Mexico market picks up

05 November 2012



The opportunity was right there all along. Other business kept Global Crane Sales from reaching for it.

Now the timing’s just right.

Unable to resist bulging opportunity in Mexico, the California-based company will start selling cranes there in 2013. President Uri Toudjarov says his company has spent much of 2012 establishing partnerships in Mexico.

At press time, Toudjarov says Global Crane Sales is at least one month away from identifying those partners, although most alliances are in place. Cranes will be sold out of the partners’ Mexico locations.

Despite never having never operated or sold cranes in Mexico, Global goes forward without a blink, he says.

“We expect to sell two or three cranes every month in Mexico,” says Toudjarov, who spent 15 years with Terex in international sales.

Though the company’s product line is mainly crawler and rough terrain cranes, Global will make other cranes available. Toudjarov says his company will target the right cranes for the right jobs.

“We won’t have customers buying something expensive that they don’t need,” he assures.

Mexico’s petrochemical companies and Pemex, the national oil company, will be among prime customers. Most sales, Toudjarov anticipates, will be in heavy population areas – Mexico City and the country’s southern region.

He estimates that 80 percent of Mexico’s population is in the service area, and that most models sold will probably be the Zoomlion brand.

Toudjarov emphasized that the Global team’s broad industry experience will smooth any roughness a newcomer might expect. Rick Hunter, who recently joined the company, formerly was with Link-Belt. Ed Gibson, who manages North American sales, won’t limit the company’s Latin America expansion to Mexico. “We continue to set up partnerships throughout Latin America,” Gibson says.

Global Crane Sales, according to Gibson, stayed busy in its first year of linking with partners in Panama, Ecuador, Peru, Chile and Colombia. The company will be doing business in Venezuela but not Cuba.

Another U.S. company, Illinois-based Ervin Equipment, is no Mexico newcomer. Ervin has been a successful distributor in Mexico for 20 years. The Illinois-based company operates out of Mexico City, Monterrey, Chihuahua and across the Texas border in Laredo and El Paso.

“We’ve been dedicated to Mexico for years,” says Ervin’s John Connor. “We serve construction, mining and other industries. Our specialty sales people have given us continual growth. We expect that to continue in 2013.”

Ervin sells both new and used trailers in Mexico, although he did not offer specific numbers. Demand for dry vans, lowboys, flatbeds and tankers, he says, has been steady. Ervin’s sales of Wabash National products have been especially strong in Mexico.

Connor notes a broader trend, maintaining that Mexican industries have been “very accepting of U.S. products.”

He adds. “That acceptance has been very helpful to our company.
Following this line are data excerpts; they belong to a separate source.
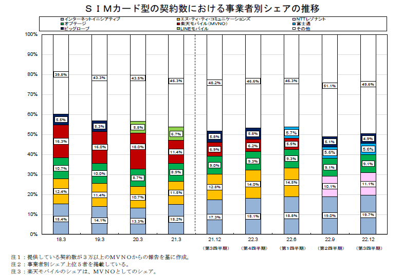 楽天モバイルのシェアは2.3%、MVNO内シェアはIIJが20%到達――総務省調査、6月末時点
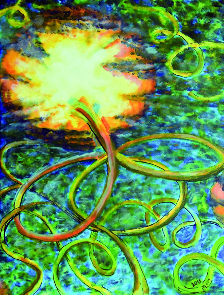 (MO) Pejzaże i abstrakcja – to są głównie tematy moich obrazów. Zdarzają się jednak również kwiaty i martwa natura, najczęściej są to obrazy olejne. Wiele z nich powstało na licznych plenerach malarskich, w których uczestniczyłam. Te plenery były dobrą szkołą, gdyż w czasie ich trwania doskonaliliśmy swój warsztat podpatrując kolegów malarzy.
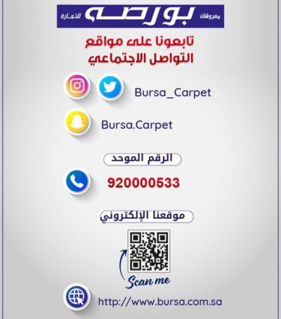 ”مفروشات بورصه“ نسيج من الخبرة والعراقة في مجال السجاد لأكثر من 64 عام متواجدين في جميع مناطق المملكة بـ 33 فرع الانستغرام: https://www.instagram.com/bursa_carpet ... |
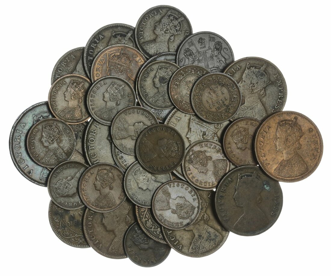 British India, Victoria, AE Half-Annas (3), 1862 (2) 1877B, Quarter Annas (10), 1862 (3), 1883, 1885, 1886, 1887, 1893, 1897, 1900, Half-Pice (5), 1853C, 1862 (2), 1885, 1888, 1/12-Annas (15), 1876 (2), 1883 (2), 1886 (2), 1887, 1890, 1891 (2), 1895 (2), 1898, 1899, 1901, generally fine, the lower denominations with some better coins (33)
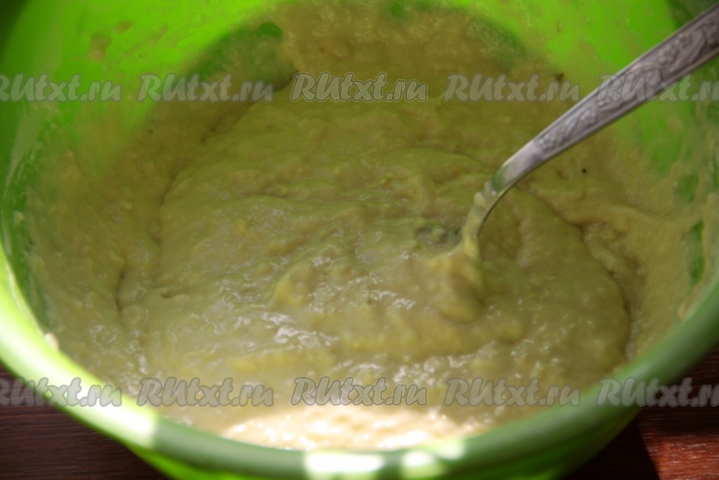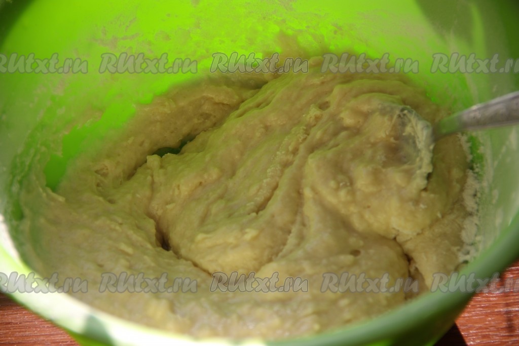 Перемешать тщательно ложкой и наше тесто для оладий с яблоками готово. Тесто получается достаточно густым и не стекает с ложки (если требуется, то добавьте 1-2 столовых ложки муки для большей густоты).
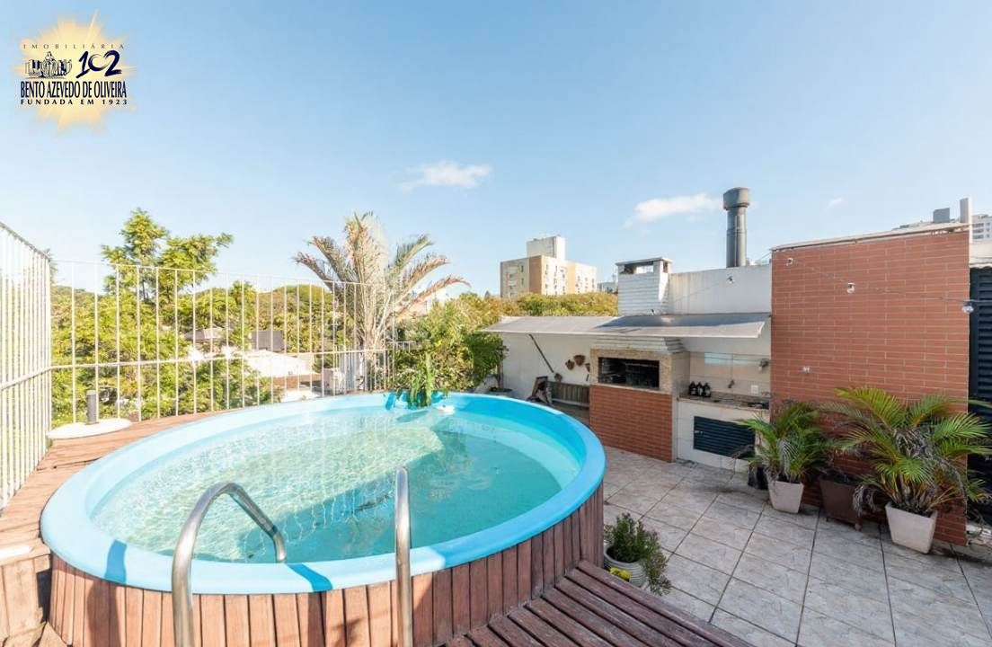 Na parte superior, o imóvel conta com mais um living para dois ambientes, espaço que pode ser utilizado como gabinete ou 4º dormitório, além de um amplo terraço com piscina privativa e churrasqueira, ideal para momentos de lazer e confraternização. A cobertura ainda possui placas solares, sistema de cisternas e excelente ventilação e iluminação natural.

We expect to keep doing good business there.”

Ervin and other U.S. companies enjoy a vital advantage when selling to Mexico.

“Companies there are managed very conservatively,” Connor says. “They do not like to operate with lots of debt. About 90 percent of our sales to Mexico are cash transactions. We receive a wire transfer or other form of (electronic) payment. When one of our products reaches a customer in Mexico, the customer has already paid for it. “

A spokesman for Tradelossa, an important heavy-haul company in Mexico, explains the reason for that conservative approach.

When you burn your tongue sipping hot milk, he asserts, you’ll probably never do it again.

Mexico’s economy has taken several severe, unexpected thrashings. A heavily leveraged company, already wobbling with too much debt, enters crisis mode when an economy tanks. It risks yet another tongue burning.

Business wisdom has come to Mexican companies such as Tradelossa, which continues to expand without risky borrowing.

After going through economic hard times, the leadership of Tradelossa and many other Mexican companies has grown from that turmoil. That firming experience has shaped leadership style.

If you’re growing, do as much as you can without borrowing. That caution has marked Tradelossa’s steady progress.

“If someone had left our company five years ago, he would have remembered us as a family-size business,” the spokesman says. “If that person would come back now, he would see us as an institution, a much more formal company. Five years ago, we were probably half our current size.”

During its advancement, the spokesman asserts, Tradelossa has not wavered from three founding principles: Service as a core value; maintaining internal processes; and staying financially cautious.

At Tradelossa, project acceptance has been a bit less conservative. The Monterrey-based company operates in power, oil and gas, renewables, petrochemicals, mining and manufacturing.

Success is easily validated. Tradelossa has earned two SC&RA Job of the Year awards.

Global Cranes Sales, Ervin Equipment and Tradelossa each expects steady 2013 growth for Mexico. If an unanticipated twist gets in the way, Tradelossa will be financially ready.

“Avoiding long-term debt has been one reason for our success,” the spokesman explains. “It gives us a lot of flexibility. We limit our growth to moving as fast as we wish to move.”

Watching the company’s advance from family-type business to heavy-haul institution, you’ve got to admire Tradelossa’s plan and pace.